--- AIM OF THE EXERCISE ---
Since the listing below shows pictures, leave them out and write out exactly the lines from the line with "經(jīng)典案例:根據(jù)招股說" to the line with "一是氧化應(yīng)激損傷", both included, and no others.

━━━ RECORDS SUPPLIED ━━━

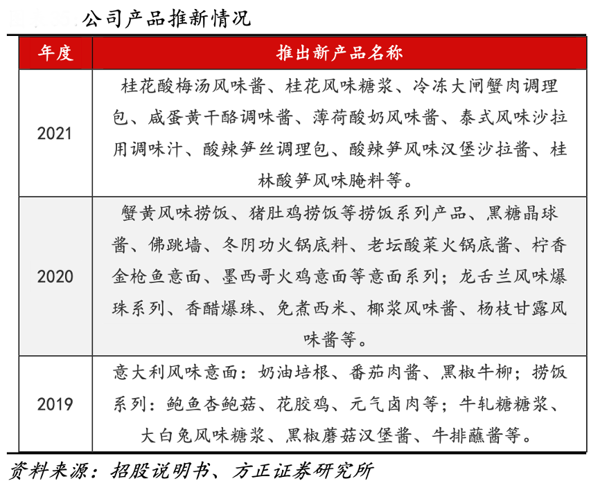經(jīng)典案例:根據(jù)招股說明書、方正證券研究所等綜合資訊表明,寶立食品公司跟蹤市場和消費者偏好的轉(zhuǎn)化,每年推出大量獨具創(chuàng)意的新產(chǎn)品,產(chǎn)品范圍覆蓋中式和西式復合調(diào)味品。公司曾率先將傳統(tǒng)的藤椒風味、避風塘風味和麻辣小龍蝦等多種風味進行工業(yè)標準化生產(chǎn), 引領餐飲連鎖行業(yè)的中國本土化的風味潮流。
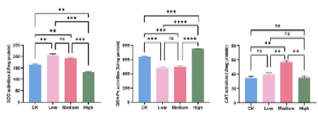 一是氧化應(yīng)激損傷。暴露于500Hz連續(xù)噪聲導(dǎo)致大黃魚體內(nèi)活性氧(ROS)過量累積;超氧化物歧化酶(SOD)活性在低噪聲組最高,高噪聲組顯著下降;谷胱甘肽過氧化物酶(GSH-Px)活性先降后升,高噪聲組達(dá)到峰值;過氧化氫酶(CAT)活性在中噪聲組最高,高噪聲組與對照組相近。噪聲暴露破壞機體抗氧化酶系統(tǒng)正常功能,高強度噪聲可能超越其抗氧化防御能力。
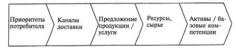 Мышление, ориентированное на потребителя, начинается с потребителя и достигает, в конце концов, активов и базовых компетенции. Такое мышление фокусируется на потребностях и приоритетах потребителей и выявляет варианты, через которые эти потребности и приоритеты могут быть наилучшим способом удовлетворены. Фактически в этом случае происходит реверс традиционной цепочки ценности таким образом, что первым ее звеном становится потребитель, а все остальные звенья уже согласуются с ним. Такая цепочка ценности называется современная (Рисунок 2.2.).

━━━
━━━ RECORDS SUPPLIED ━━━

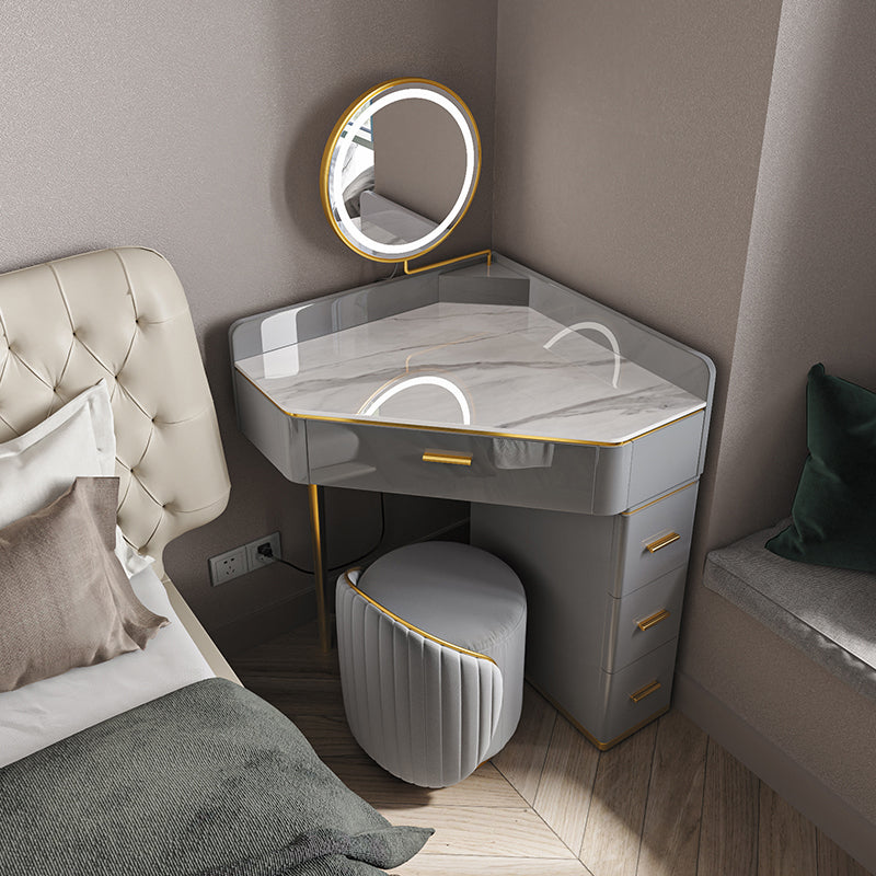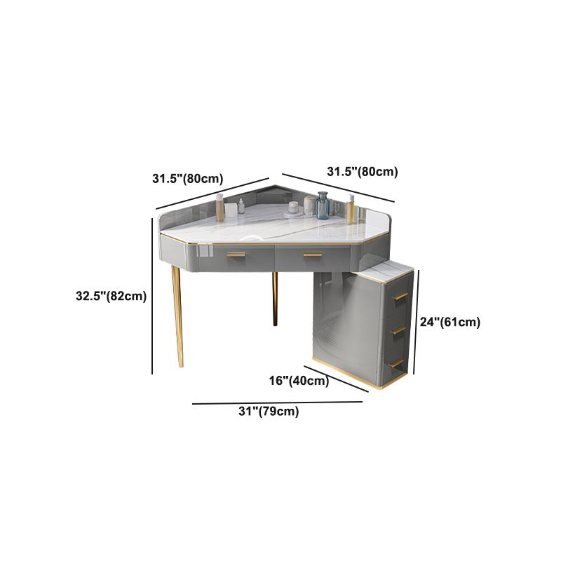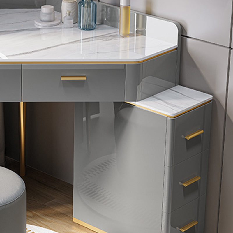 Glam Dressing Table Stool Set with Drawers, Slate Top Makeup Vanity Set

━━━

--- TASK OUTPUT ---
經(jīng)典案例:根據(jù)招股說明書、方正證券研究所等綜合資訊表明,寶立食品公司跟蹤市場和消費者偏好的轉(zhuǎn)化,每年推出大量獨具創(chuàng)意的新產(chǎn)品,產(chǎn)品范圍覆蓋中式和西式復合調(diào)味品。公司曾率先將傳統(tǒng)的藤椒風味、避風塘風味和麻辣小龍蝦等多種風味進行工業(yè)標準化生產(chǎn), 引領餐飲連鎖行業(yè)的中國本土化的風味潮流。
 一是氧化應(yīng)激損傷。暴露于500Hz連續(xù)噪聲導(dǎo)致大黃魚體內(nèi)活性氧(ROS)過量累積;超氧化物歧化酶(SOD)活性在低噪聲組最高,高噪聲組顯著下降;谷胱甘肽過氧化物酶(GSH-Px)活性先降后升,高噪聲組達(dá)到峰值;過氧化氫酶(CAT)活性在中噪聲組最高,高噪聲組與對照組相近。噪聲暴露破壞機體抗氧化酶系統(tǒng)正常功能,高強度噪聲可能超越其抗氧化防御能力。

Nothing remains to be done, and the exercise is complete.